• DESCRIPTION OF THE TASK: Print the lines below word for word, beginning with the first and ending with the line that holds "Sterling Mayan Aztec Tribal Face Pin-Pendant", and skip every picture.

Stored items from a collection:
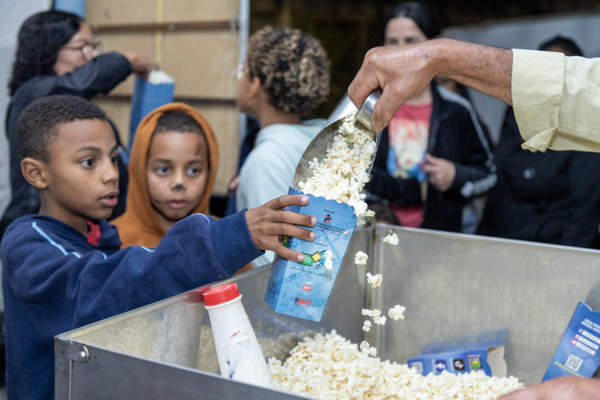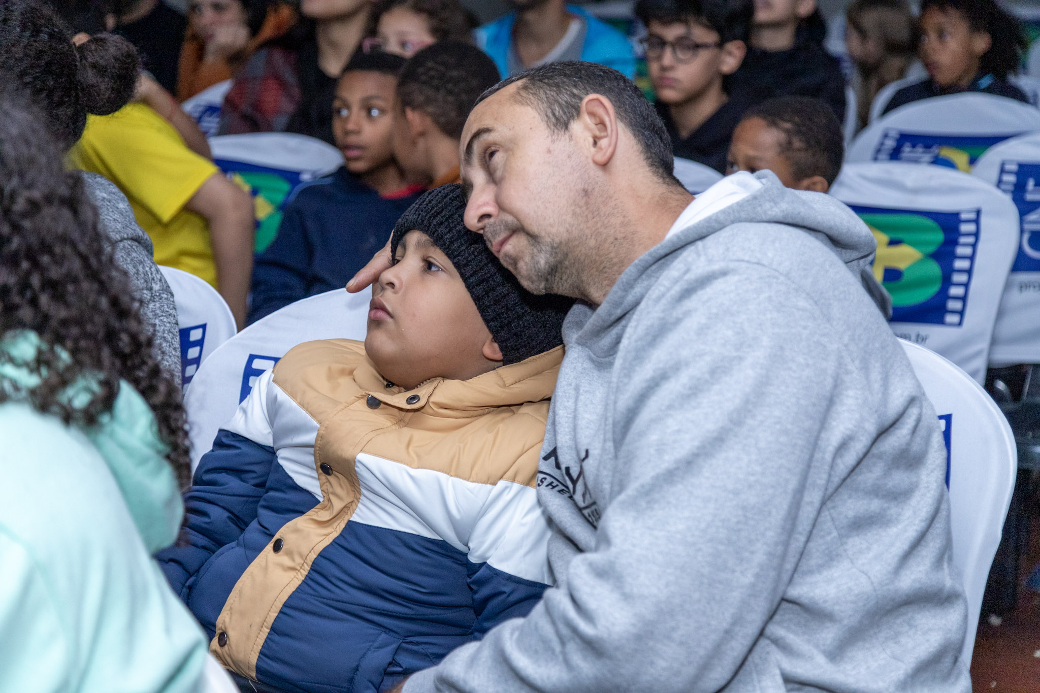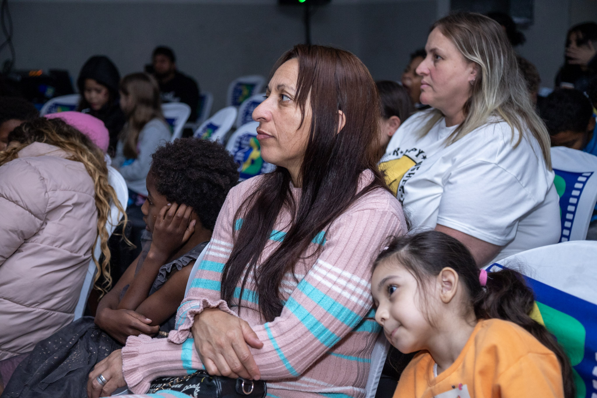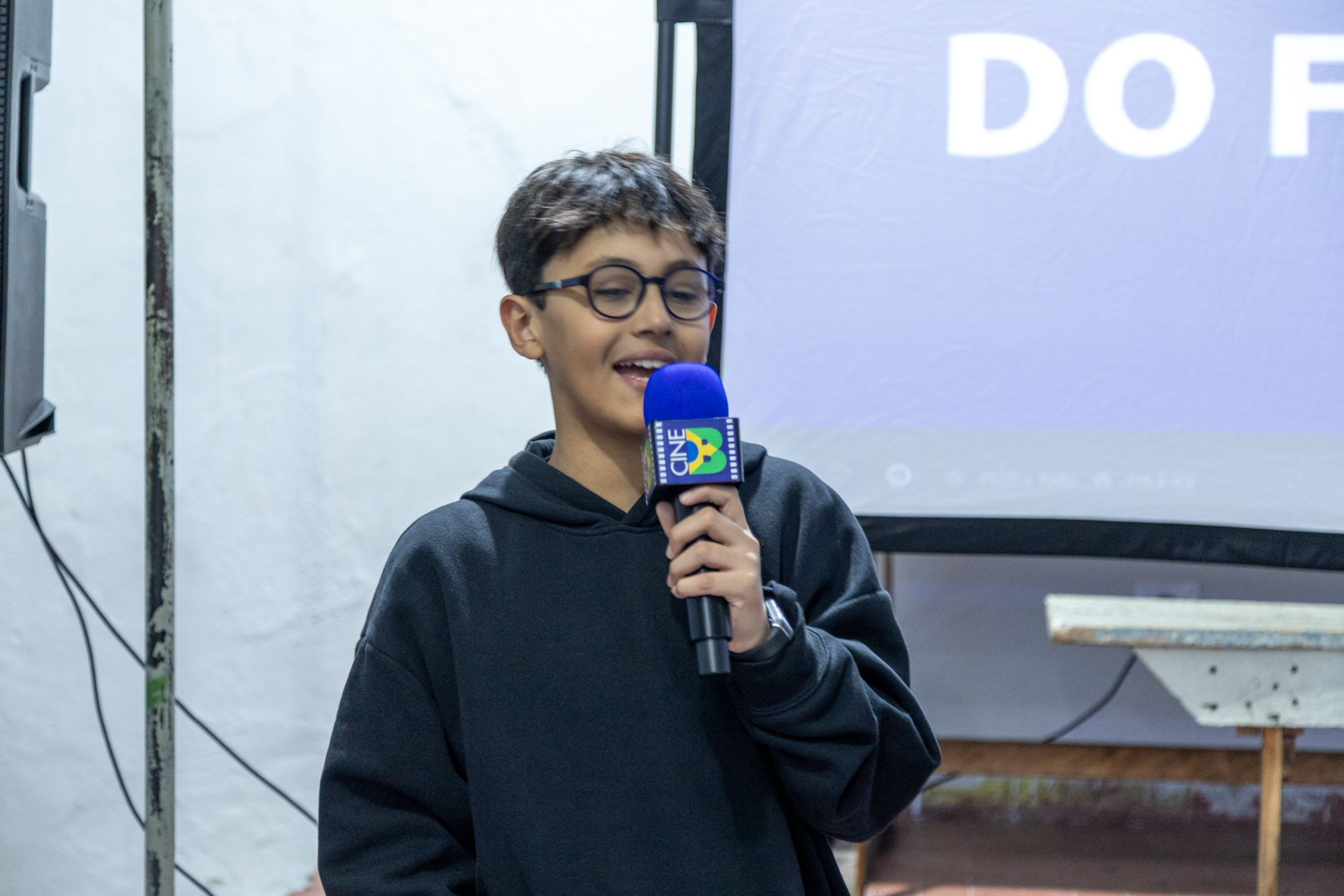 Antes da exibição, foi transmitido um vídeo especial com mensagens do diretor do filme, Nelson Botter, e da roteirista Keka Reis, que enviaram um recado carinhoso às crianças da Vila Rica. A pipoca do Seu Antônio garantiu o aconchego da plateia, que acompanhou a sessão com atenção e entusiasmo.
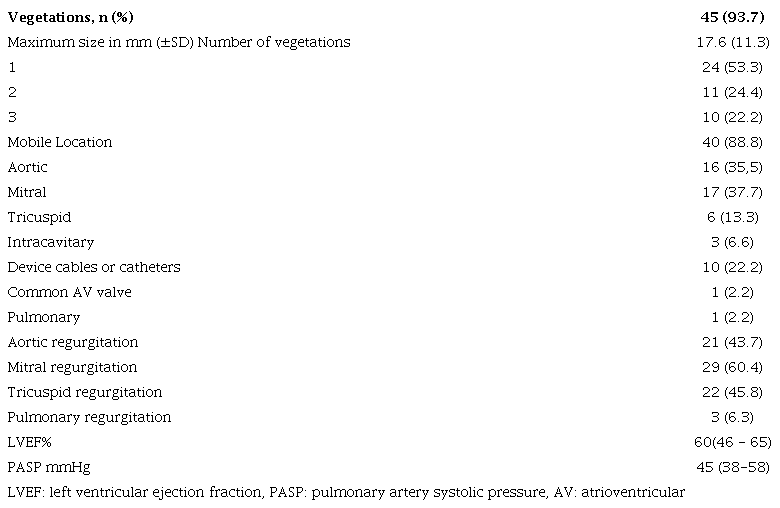 Of the 48 cases included, 46 patients (95.8%) were clas sified as definitive endocarditis and two patients (4.2%) as probable endocarditis according to the modified Duke criteria.
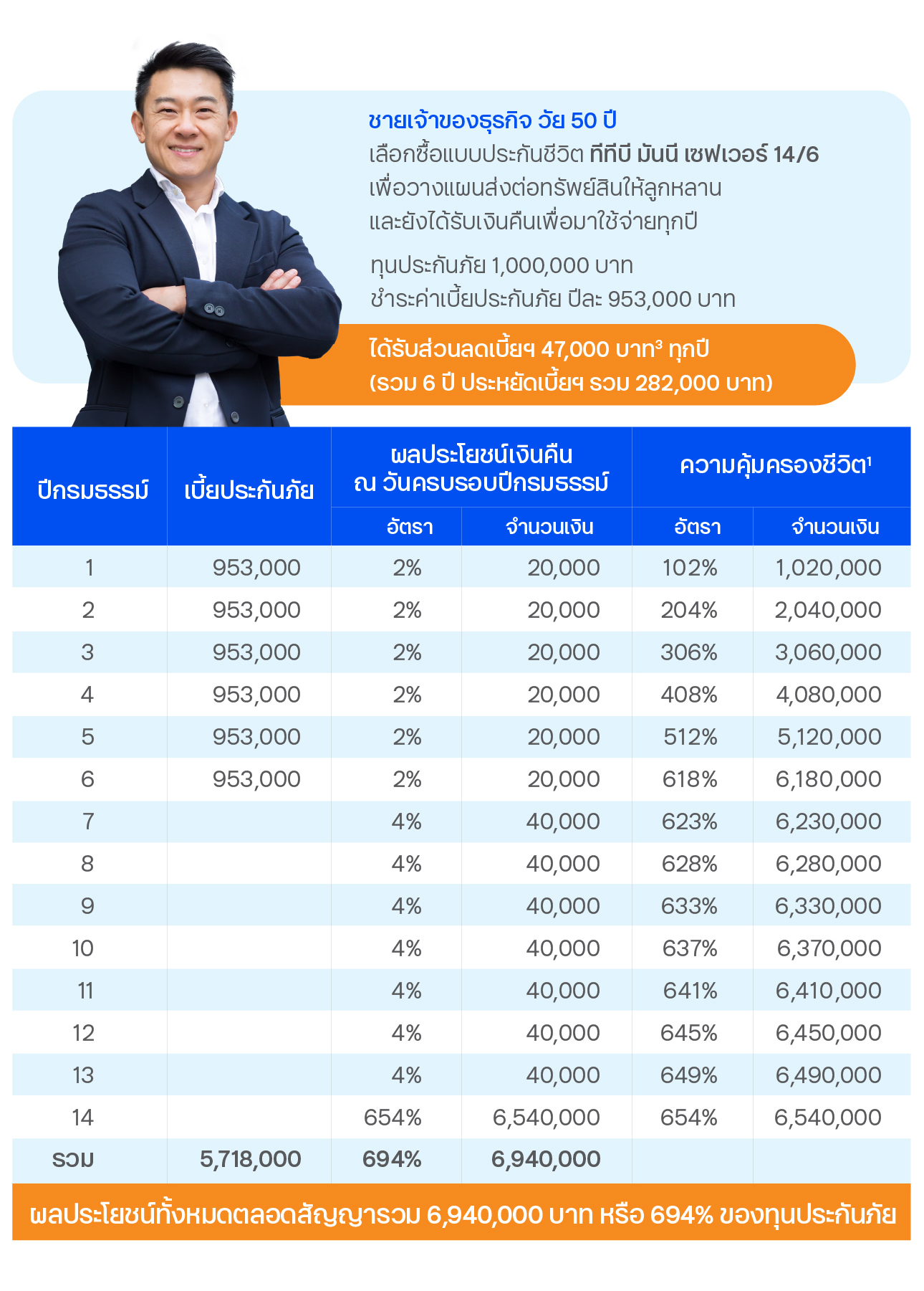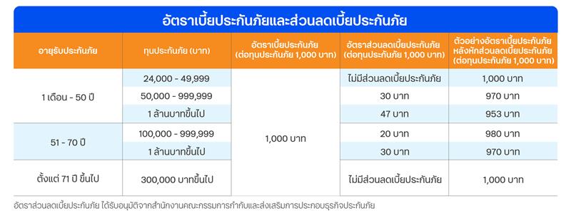 - ผู้ขอเอาประกันภัยควรศึกษาและทำความเข้าใจรายละเอียดความคุ้มครองและเงื่อนไข ก่อนตัดสินใจซื้อทุกครั้ง เอกสารนี้เป็นเพียงเอกสารประกอบการเสนอขายเท่านั้น ความคุ้มครองและเงื่อนไขเป็นไปตามที่กรมธรรม์กำหนด
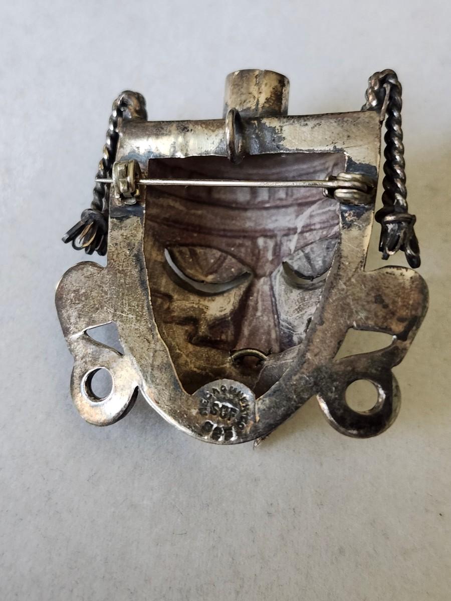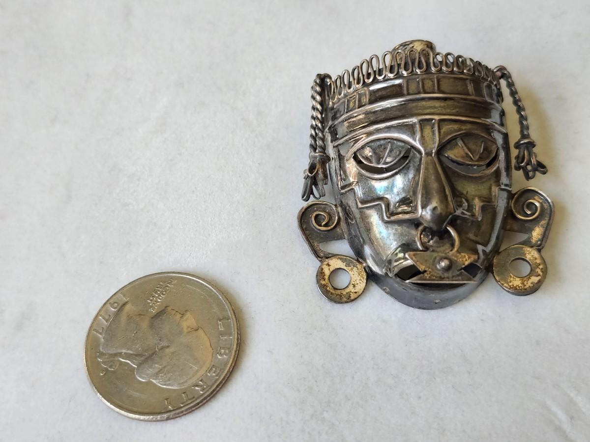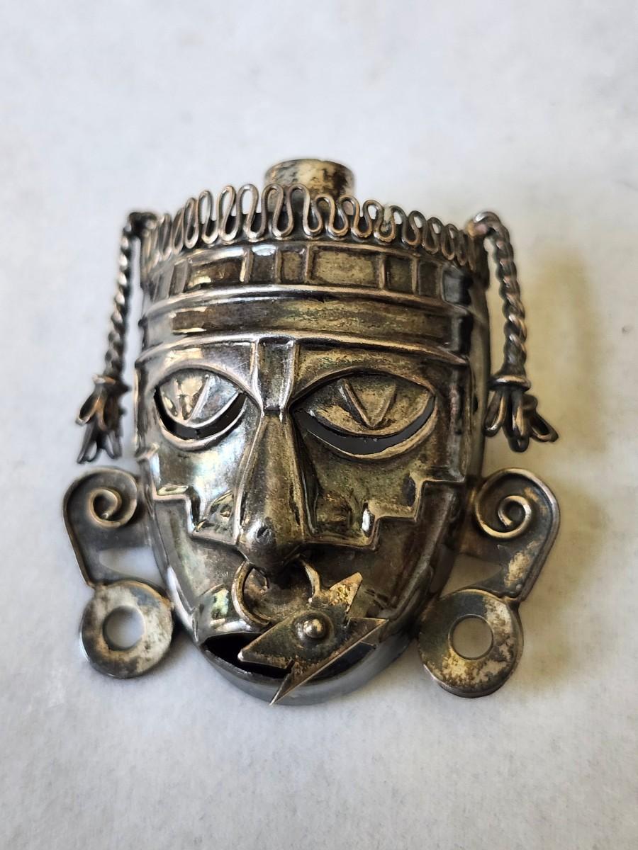 Sterling Mayan Aztec Tribal Face Pin-Pendant
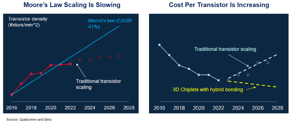 New Wafer Level Assembly Technologies Extend Moore’s Law: 3D chiplets with hybrid bonding extend Moore's Law by increasing transistor density beyond traditional scaling limits. These methods stack silicon chiplets vertically with ultra-fine interconnects, enhancing performance and reducing interconnect length, which surpasses the enhancements achievable through traditional 2D scaling.
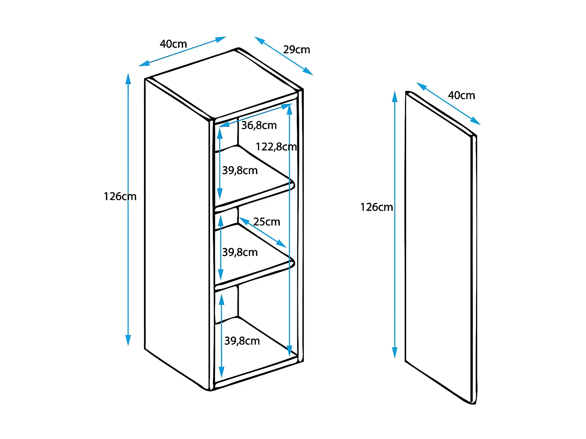 Armoire murale pour Salon Salle à manger en Blanc et Noir 40x29x126cm Nora V1
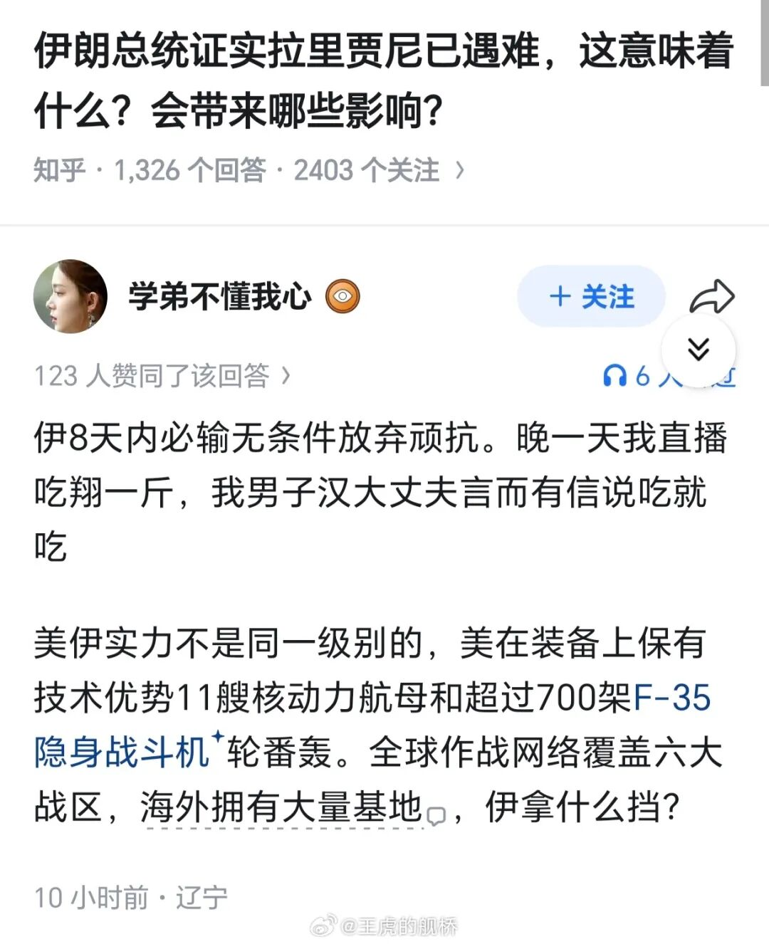 伊朗人用一个多月的坚韧验出了美国武力的真实成色,国人也应该早点结束对美军的迷信了。如果特朗普不愿意体面,那么自有人帮他体面。制造业颓败而文娱业发达的美国,努力维持着天下布武的形象,今年以来美国的两次军事行动证明,衰败的帝国还能踏倒一座本就摇摇欲坠的危房,却不能拆掉一座看似荒废却根基坚实的小屋,更不要说撞倒摩天大厦了。我们热爱和平,但有人拿着上一个时代的破铜烂铁来讹诈,就一定要让他吃到苦头。
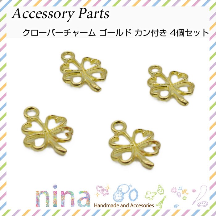 ■商品名:クローバーチャーム ゴールド カン付き 4個セット
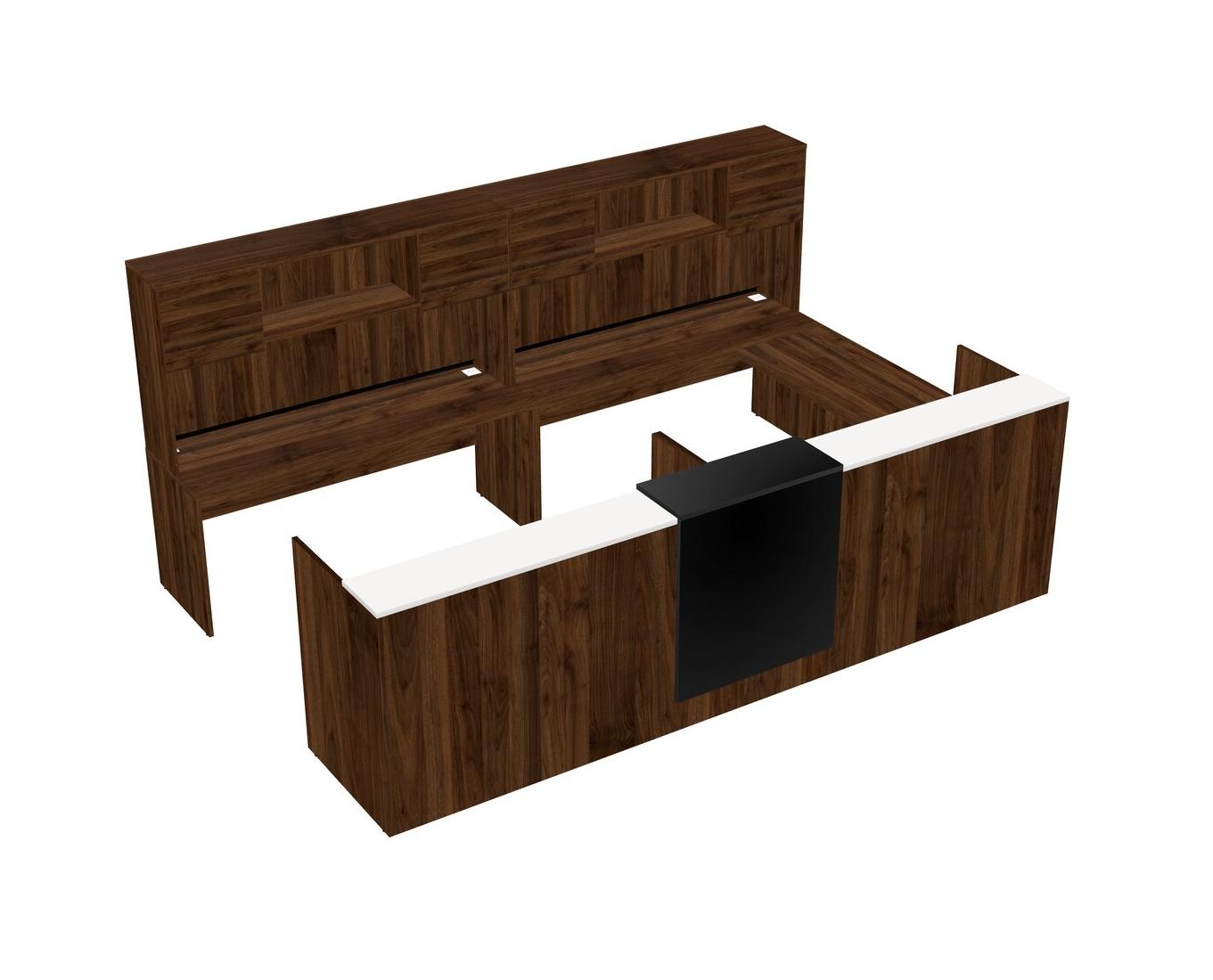 Bureau D'accueil Modulaire Partagé En U à Un Côté Avec Comptoir Flottant + Huche

• ANSWER SPACE:
 Antes da exibição, foi transmitido um vídeo especial com mensagens do diretor do filme, Nelson Botter, e da roteirista Keka Reis, que enviaram um recado carinhoso às crianças da Vila Rica. A pipoca do Seu Antônio garantiu o aconchego da plateia, que acompanhou a sessão com atenção e entusiasmo.
 Of the 48 cases included, 46 patients (95.8%) were clas sified as definitive endocarditis and two patients (4.2%) as probable endocarditis according to the modified Duke criteria.
 - ผู้ขอเอาประกันภัยควรศึกษาและทำความเข้าใจรายละเอียดความคุ้มครองและเงื่อนไข ก่อนตัดสินใจซื้อทุกครั้ง เอกสารนี้เป็นเพียงเอกสารประกอบการเสนอขายเท่านั้น ความคุ้มครองและเงื่อนไขเป็นไปตามที่กรมธรรม์กำหนด
 Sterling Mayan Aztec Tribal Face Pin-Pendant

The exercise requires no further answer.